M. le juge Vauclair, dissident: Le juge de première instance a erré en justifiant l’interception du véhicule et la détention de l’appelant sous l’angle de la détention aux fins d’une enquête. En l’absence de tout indice d’activité criminelle ou en cours et de tout motif d’interception relié à la conduite d’une automobile, les policiers n’avaient aucune raison d’intervenir pour les motifs qu’ils ont exprimés.
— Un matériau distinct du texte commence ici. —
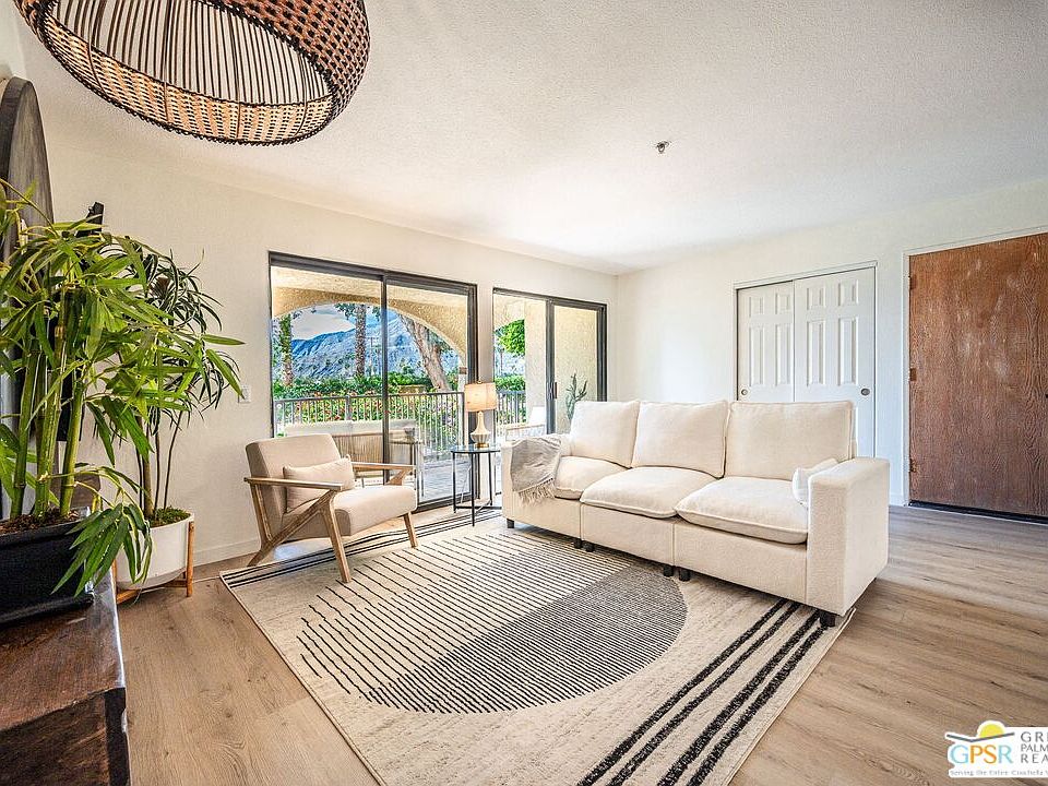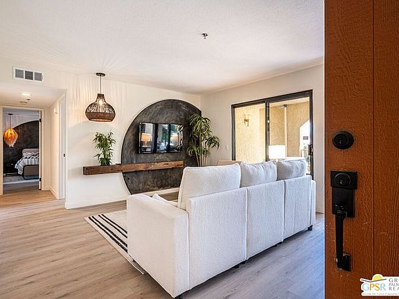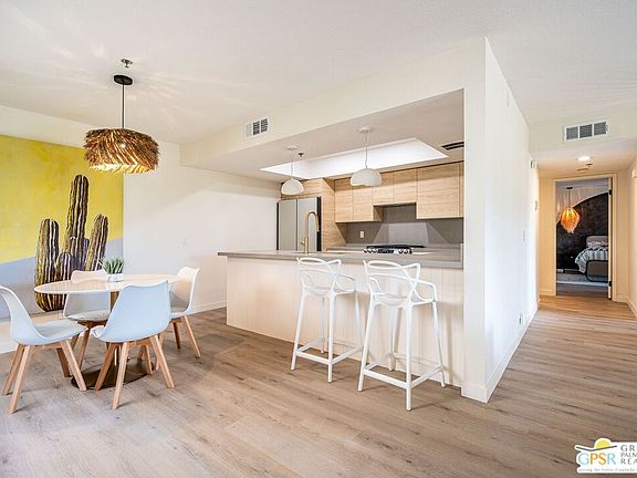Welcome to Palm Springs Paradise in this Gorgeous newly remodeled 2 bed 2 bath condo on FEE land (You own the land) with Southern Mountain Views located in the heart of Palm Springs. This condo offers a perfect example of modern living that is chic, stunning and inviting. Fully renovated in 2023 with designer touches throughout. Enter the beautiful spacious living room with luxury vinyl plank flooring through out, designer finishes on the walls with sliding glass door to your covered patio. The kitchen offers brand new appliances, quartz counter tops, breakfast bar for 4 and separate dining area. The master suite is bright with natural light, has Southern Mountain Views with en suite newly added bath, double sink, lighted mirror, modern fixtures and big beautiful shower. Guest bedroom is spacious & stylish with designer finishes on the walls with textures and paint. Closets are tastefully painted inside. Relax on your covered patio with the Southern Mountain Views perfect for wine at sunset or coffee at sunrise. Stackable washer/dryer in closet in hallway. The condo has a 1 car garage with storage, 2 community pools, 2 tennis courts and plenty of guest parking. Recreation room that can be used for parties or events. Yes you can have a pet! Your minutes from restaurants, shopping, parks, night life, hiking, The Palm Springs Art Museum, and many more attractions in Palm Springs. This condo is priced to sell.
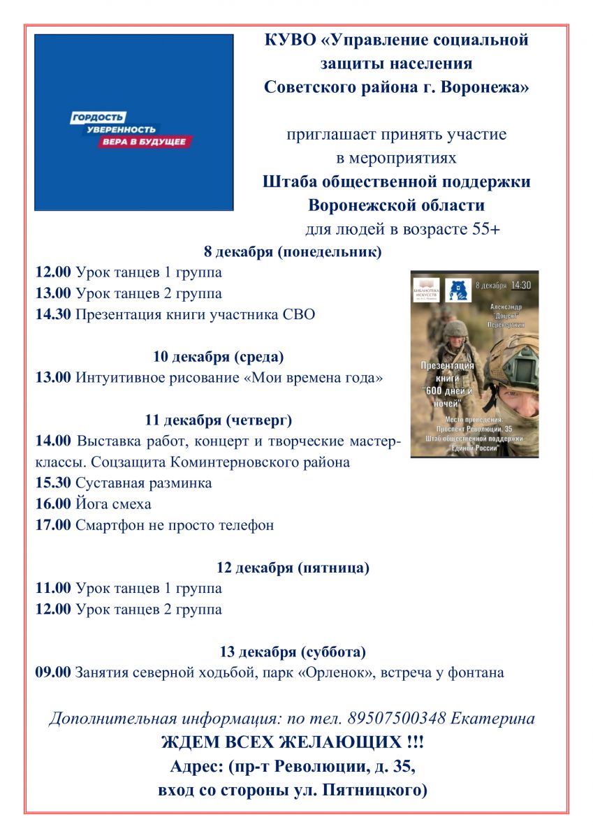 / Приглашаем принять участие в мероприятиях Штаба общественной поддержки Воронежской области c 08 по 13 декабря 2025 года
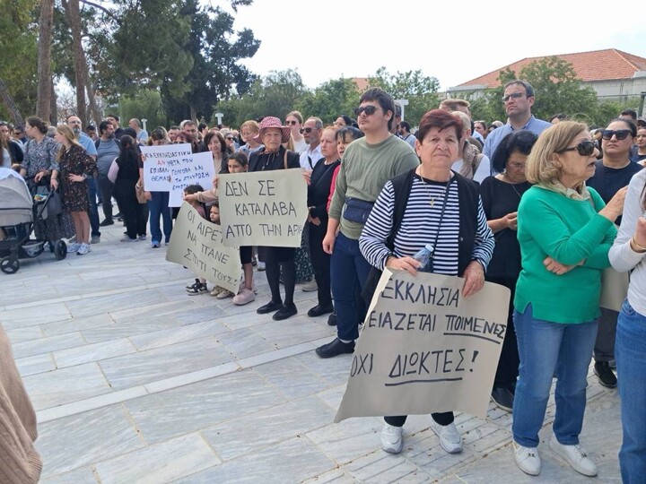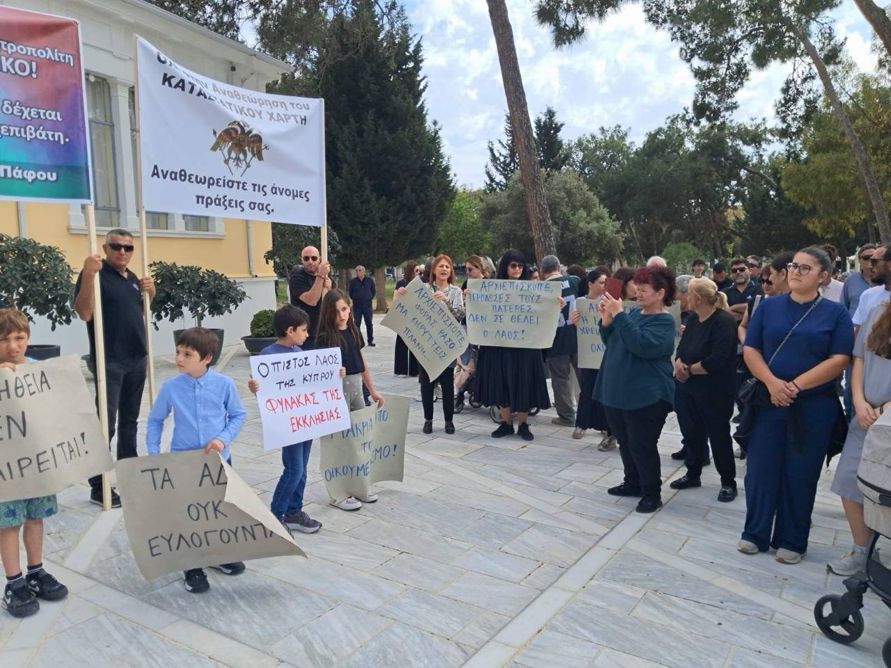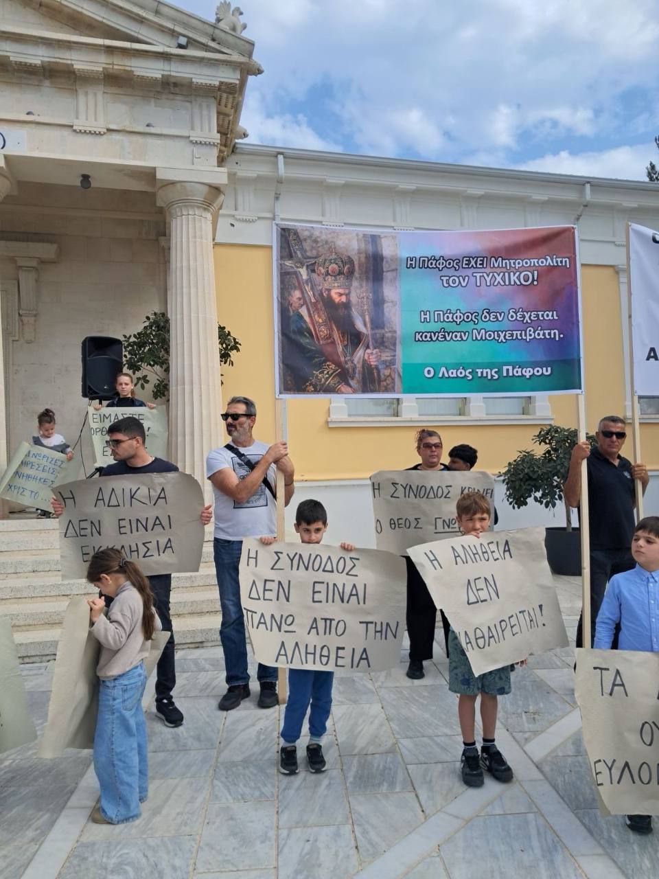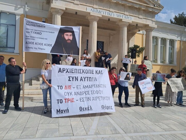 Σε εξέλιξη βρίσκεται η εκδήλωση διαμαρτυρίας ατόμων που υποστηρίζουν τον τέως Μητροπολίτη Πάφου Τυχικό. Αρκετοί έχουν συγκεντρωθεί στην Πλατεία του Δημαρχείου της Πάφου κρατώντας πανό με συνθήματα υπέρ του τέως Μητροπολίτη το αναφέρει cyprustimes.
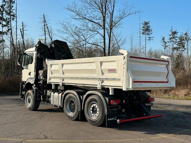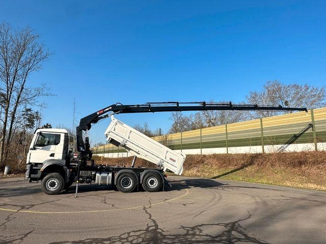 | Zusätzliche Informationen | X TO GO„EUROMIX TO GO“ BIETET IHNEN SOFORT VERFÜGBARE NEU-BESTANDSFAHRZEUGE, AB UNSEREM STANDORT PORTA WESTFALICA/DEUTSCHLAND. FÜR ALLE KUNDEN DIE SICH IN EINER AKUTEN BEDARFSSITUATION BEFINDEN. (KURZFRISTIGE KAPAZITÄTSERWEITERUNG ODER ERSATZINVESTITION)Ihre Vorteile: sofort einsetzbare Komplettfahrzeuge (Betonmischer/Kipper)sofortige Verfügbarkeit direkt vom Hersteller, Aufbau, Montage, Nutzfahrzeug-, bestes Preis-/Leistungsverhältnis, Finanzierungsmöglichkeiten, Inzahlungnahme Ihrer Altfahrzeuge MAN TGS 28.440 BB 6x4-4 EURO 6e 3-Seiten-Kipper EuromixMTP Kran Hiab X Hiduo 228-6 (auch als 6x6 Allrad vorhanden ) - NEU NEW withaut registration ohne Zulassung - Fahrzeug Ausstattung Motor D2676LF80 440 PS / EURO6 SCR 2200 Nm C-R OBD-D, Federung Blatt/ luft, Lenck-Achse Lift Achse Nachlaufachse, Getriebe Automatike, Reifen Vorderachse 385/80 R22,5 Hinterachse Lift Luft und Leck Achse 385/80 R 22,5, Vorderache 9000kg -, Radstand 3600 mm, Fahrerhaus M mittellang, Luftleitblech gegen Staub-Auufwirbelung, Tempomat, Klimaanlage, Geräuschmaßnahme 80 dB (92/97EWG), AP Achsübersetzung Hinterachse AP HPD 1382/HP-, Luftansaugung hochgezogen mit Trockenluftfilter / Vorabscheider, Differentialsperre, Kraftstoffbehälter 300l links und 35l AdBlue, Stahlstoßfänger dreiteilig, MAN BrakeMatic ( Elektronisches Bremssystem ), Navigationssystem, Scheibenbremsen Hinterachse und Vorderachse, Zentralverriegelung, Sonnenblende, Fahrerkomfortsitz luftgefedert, AUX-in/ USB im Armaturenbrett Kipper Ausstattung: EuomixMTP Dreistenkipper EMK3-K Ladekran Typ: EuromixMTP EMK3-K Aufbaubeschreibung Kipperbrücke: Länge: 4.900 mm Breite: 2.410 mm Bordwände: 800 mm Stirnwand: 1.118 mm bodenebene, klappbare Zurrösen Boden: 5mm HARDOX 450 Bordwände: 4mm HARDOX 450, links:EuromixMTP hydraulische betätigt, rechts: manuelle pendel Bordwand Rückwand: automatische pendelnd 4mm Hardox 450 Stirnwand: 4mm HARDOX 450 Rückwand: 4mm HARDOX 450 Hilfsrahamen: Schweißkonstruktion hochwertigem Stahl Hydraulik: Penta Kippzylinder mit Endabschaltung, Steuerblock (Hauptventil) pneumatischer Kippgeber pneumatische Umschalter Kipper / Kran – Ventil am Hilfsrahmen Pumpe und Öltank Optionen: Hydraulikanschluss Kippanhänger Besen und Schaufel mit Halterung klappbarer Unterfahrschuz Plane LANGLEBIG UND ROBUST FÜR SIE IM EINSATZ! Kran Hiab X Hiduo 228-6 6 fach Ausschub, Funkfernsteuerung, hydraulische Leitunge für Anbauteile, 2,55m = 5500 kg, 4,45m = 4150 kg, 6,45m = 2850 kg, 8,45m = 2120 kg, 10,60m = 1680 kg, 12,70m = 1380 kg, 14,70m = 1100 kg, 17,00m = 810 kg Für weiter Fragen steht Ihnen unsrer Team in folgenden Sprachen zur Verfügung. Wir sprechen Deutsch, We speak English, Nous parlons français, Mówimy po polsku, Мы говорим по русски, Govorimo Srpskohrvatski - ESP, Navigationssystem, Partikelfilter, Kommunalfahrzeug, Navigationsvorbereitung Fahrerhaus: Nahverkehr |
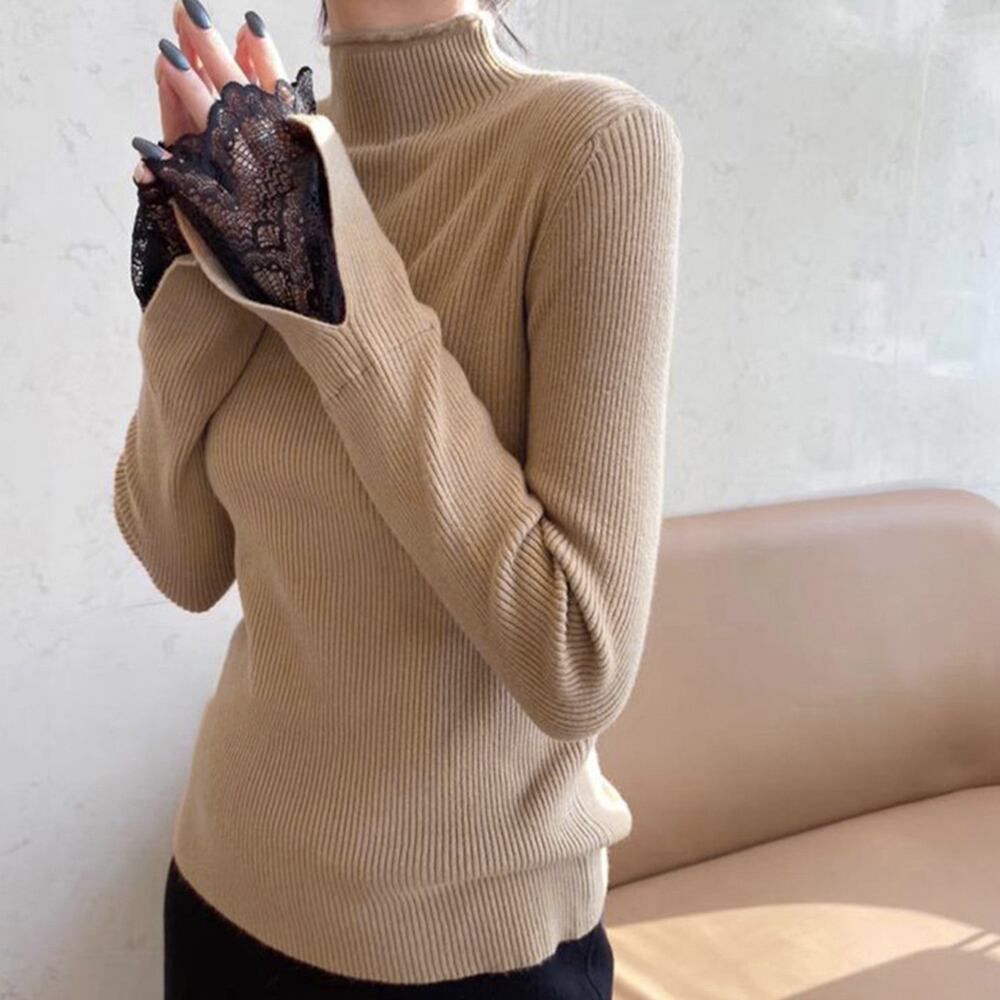 リブ編みでシャープな体のラインを演出、袖先はレース付きで可愛い印象

L’affaire se distingue de R. c. Bilodeau (C.A., 2004-10-14), SOQUIJ AZ-50274965, J.E. 2004-1990, où la preuve établissait l’existence de motifs objectivement raisonnables avant l’interpellation. Cela dit, l’interpellation illégale de l’appelant entraîne l’exclusion de tous les éléments de preuve ainsi obtenus puisque leur utilisation serait susceptible de déconsidérer l’administration de la justice. En outre, quant à la gravité de la conduite attentatoire de l’État, les tribunaux doivent se dissocier des agissements des policiers, même s’ils ne remettent pas en cause leur bonne foi. Rien n’empêchait les policiers de poursuivre leur enquête sur l’immatriculation du véhicule. Ils n’ont ni le pouvoir ni le mandat de contrôler les allées et venues des personnes, sans la présence d’autres éléments qui déclenchent, au minimum, un pouvoir de détention. Ce facteur milite en faveur de l’exclusion de la preuve. Il en va de même de l’incidence de la violation sur les droits de l’accusé garantis par la charte et de l’intérêt de la société à ce que l’affaire soit jugée au fond. La preuve provient essentiellement de l’appelant, qu’il s’agisse de ses déclarations ou de la remise de son permis de conduire sur l’ordre du policier. Il existe une certaine présomption voulant que cette preuve auto-incriminante soit exclue, d’autant plus lorsqu’elle n’aurait pu être découverte autrement. Le véhicule était immatriculé au nom du passager. Les policiers, en vérifiant la plaque, ne pouvaient repérer ni le nom de l’appelant ni la sanction rattachée à son permis de conduire. Il y aurait lieu d’accueillir l’appel, de conclure à une détention arbitraire, d’exclure la preuve ainsi obtenue et, comme il s’agit de l’unique preuve contre l’appelant, de prononcer un acquittement.

Instance précédente : Juge Marc Vanasse, C.Q., Chambre criminelle et pénale, Joliette, 705-01-080799-135 et 705-01-080800-131, 2013-10-10.